Welcome aboard esyadam. :beer:


----------



## zzyzx (Mar 20, 2010)

Welcome and enjoy this place. Some pretty good people contribute here.

You might look at the Bronco from Pyramyd Air. http://www.pyramydair.com/s/m/Air_Ventu ... rifle/2013

It is one that fits Adults even if not a really large rifle. It fills the bill considering what you are looking for.

Many general air rifles will work as already mentioned. If you can get to a store or three and handle them it will help.

That said, I got a Daisy Powerline 953 TargetPro for neighbor kids as a 'loaner' and to teach shooting. They like it and I have shot it a lot. Single stroke cocking. Very accurate - the upgraded model is used by a number of top shooters for practice.

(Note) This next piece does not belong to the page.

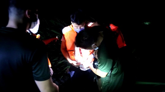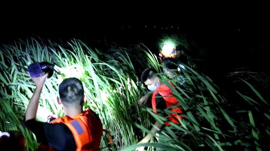 根據(jù)受困人員提供的信息,執(zhí)法員初步判斷兩人位于蘆葦蕩深處,但現(xiàn)場(chǎng)密集的蘆葦叢導(dǎo)致執(zhí)法員視野受阻,無法確定具體位置??紤]到海水仍在暴漲,群眾隨時(shí)可能遇險(xiǎn)的緊急情況,經(jīng)過短暫的現(xiàn)場(chǎng)研判,指揮員親自率隊(duì)克服風(fēng)聲嘈雜、路況惡劣等諸多不利因素深入搜尋,搜救小分隊(duì)一邊打著遠(yuǎn)光燈試圖給受困人員指明方向的同時(shí),一邊在黑夜中喊話進(jìn)行搜索。經(jīng)過20分鐘的不懈努力和細(xì)心觀察,最終在3公里外發(fā)現(xiàn)被困海中的游客,并于20時(shí)20分左右成功將2人安全救回。
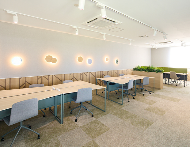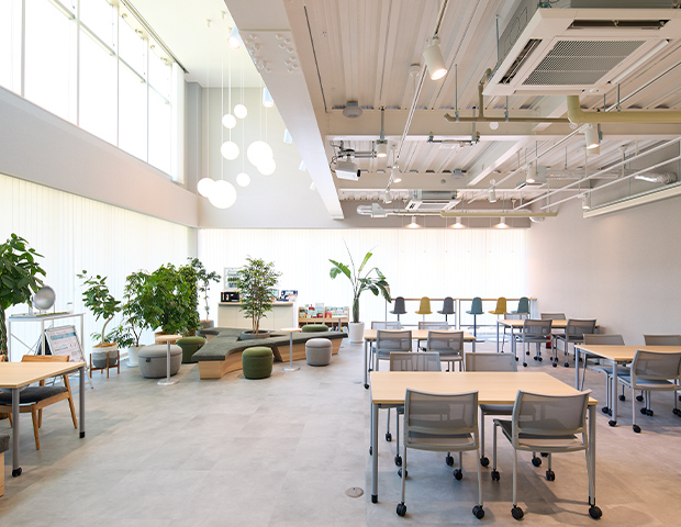 作業や打合せだけでなく、レイアウト変更によりピッチ等のイベントも開催できるオープンエリアです。

It can be used single shot or with a five shot magazine. Lightweight, easy to cock and simple to shoot. An accurate and fun shooter and perfect for indoor accuracy practice. I enjoyed shooting it and put a small scope on it and used the rifle for picking off grasshoppers from tomato plant leaves in the garden at 10 feet to 30 feet. Worked well - as well as nailing some pest birds at those ranges.

http://www.pyramydair.com/s/m/Daisy_Pow ... getPro/585
Also, this description from Airguns of Arizona on the rifle.
Powerline Target Pro 953 
The PowerLine® TargetPro is perfectly engineered for the beginning competitive shooter, though it's also a great small-game rifle, and lots of fun for recreational shooting. With just one pump, a shooter gets loads of power, for accurate shooting at the target range, or in the field. With its 5-shot clip, follow up shots are fast, too. The single pump cocking lever, straight-pull bolt action and the fiber-optic sights are easy for beginning or intermediate shooters to use. Plus, the outstanding balance and superior accuracy of the TargetPro gives shooters exactly what they need to hone their skills and earn their stripes in both the woods and in competition.

ACTION: Single Pump pneumatic 
SIGHTS: Front/Rear Fiber Optic 
SAFETY: Manual Cross Bolt 
MAX. MUZZLE VELOCITY: 500 fps 
WEIGHT 6.4 lbs 
OVERALL LENGTH: 38.75" 
CALIBER: .177 
STOCK/FOREARM/GRIP: Match Style Composite

I don't put the PyramydAir links to boost them, just for convenience. I buy stuff from them as well as others. They just have some good info that is easily accessible. Airguns of Arizona is also good. But, if you shop locally your area might have a good choice to make this easier.

Whatever you do, good luck.


----------